The Cold War at 8,848 meters

The summits of the tallest mountains in the world, all of which are located in the great Himalayan range from northeastern India to Pakistan, remained inviolate until the 1950s and early sixties, when all of them were climbed for the first time. In 1950, Annapurna in central Nepal became the first peak higher than 8,000 meters to be climbed (there are fourteen in all) when a French team reached the summit. Next, in 1953, a British expedition reached the top of the highest of them all, Mt. Everest or Chomolungma.1

It was by an accident of timing and geopolitics that these great mountains were first climbed in the fifties and sixties. Major European and American expeditions had made attempts on several of the 8,000-meter peaks in the twenties and thirties, but then the outbreak of World War II put these expeditions to a halt. When they resumed after the war, the Cold War had begun, and the subsequent mountaineering conquests took place in the context of this global struggle of ideologies.

In 1960, the Chinese government launched an expedition on the north side of Mt.

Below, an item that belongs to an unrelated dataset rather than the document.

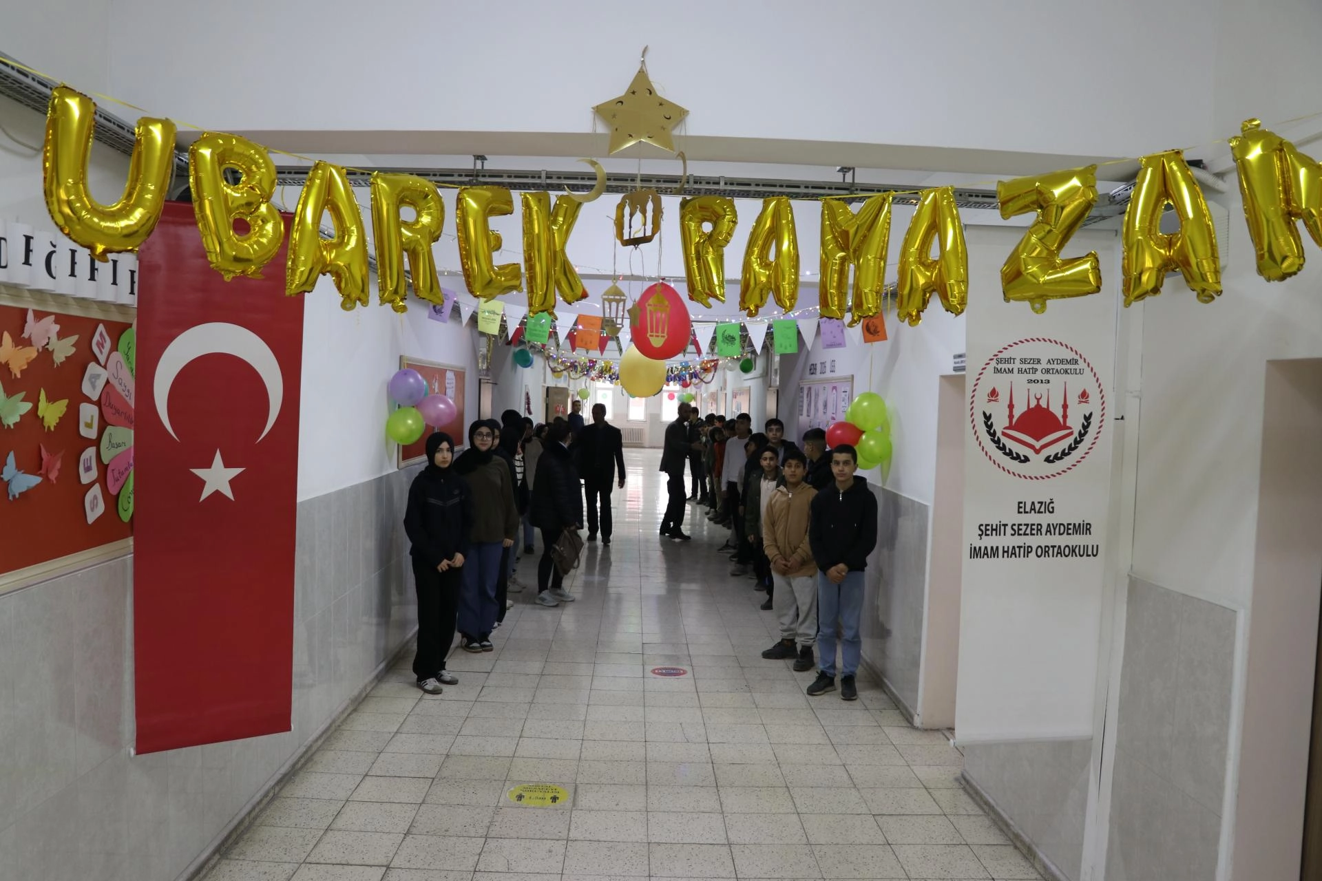 Elazığ Şehit Sezer Aydemir İmam Hatip Ortaokulu'nda düzenlenen etkinlikte de öğrenci ve öğretmenler tarafından okulda ışıklandırmalar ile ramazana özgü motif ve figürlerle süsleme yapıldı.

Everest, which stands in Tibet. This was the first expedition on the Tibetan side since China had annexed the country in 1950. The government reported that three climbers reached the top of the mountain and left a plaster bust of Chairman Mao there as a memento of their visit. Mountaineers in the West generally doubted that the Chinese party had actually made it to the summit, as the only accounts released were party propaganda with a little mountaineering on the side. (The Chinese summiting is more widely accepted as veritable now.) Whether or not the Chinese climbers really reached the top, the expedition was a geopolitical coup, an assertion of China’s sovereignty over Tibet.

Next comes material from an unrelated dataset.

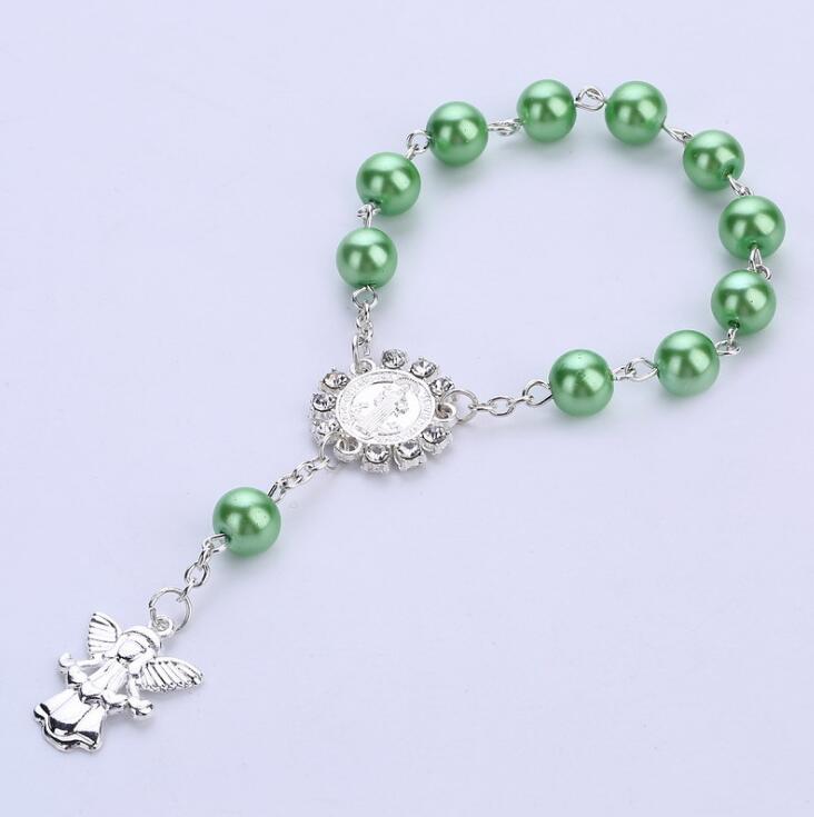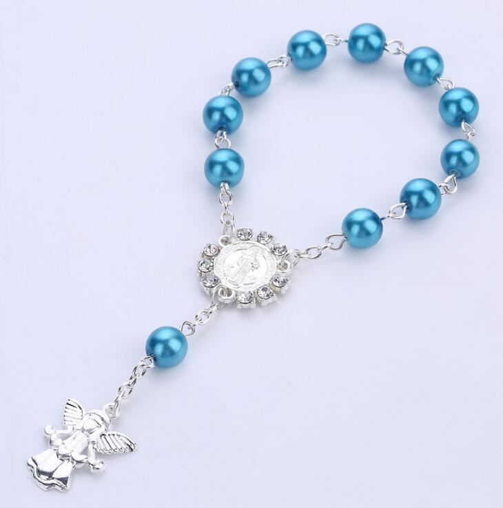 Catholic Religious Rosary Jesus Charm Bracelets for Baby Chirldren Glass Imitation Pearl Jewelry Rosary Kids Baptism Link Chains

Three years later, a very different expedition attacked Everest from the southern side, through Nepal. This was the American Mount Everest Expedition 1963, or AMEE for short. Well-equipped, well-staffed (with 20 expedition members, 37 high-altitude Sherpas, and 909 porters), and well-funded by donations and government grants, the expedition was also highly-publicized. The expedition leader, Norman Dyhrenfurth, was a cinematographer by trade; he produced a movie about the climb and got Orson Welles to narrate it. One of the six members of the team to reach the summit was National Geographic Society photograph Barry Bishop. The expedition even had its own chronicler, mountaineer-author James Ramsey Ullman, who wrote a piece for Life magazine, the script of Dyhrenfurth’s movie, and a full book, Americans on Everest (which is a good read).

In his official account, Ullman repeatedly emphasized that AMEE’s climbing of Everest was not a nationalistic endeavor. For example, this passage:

The Chinese, on their climb of three years before, had declared that “we thought of Comrade Mao, took strength, and moved onward and upward”; but such sentiment would not do for AMEE. With due respect to our Chief Executive, and due allowance for the politics of the various team members, it is highly doubtful if anyone was climbing Everest for the President of the United States.2

Yet even if the men who actually climbed the mountain did not do so for national glory, the expedition had to present itself in a national context in order to get funding. The American public and government asked: Why climb Mt. Everest? It has already been climbed. To which AMEE replied: Because it has never been climbed by Americans before.

The rhetoric convinced individuals, mountaineering clubs, companies, and the US government to donate $400,000 to the expedition. The State Department funded expedition costs in Nepal with a grant of $82,000 in Indian rupees, which the US government had earned from the sale of American wheat and other agricultural commodities to India under the PL-480 Food for Peace program. The State Department also funded a goodwill tour of selected expedition Sherpas around the United States after the climb.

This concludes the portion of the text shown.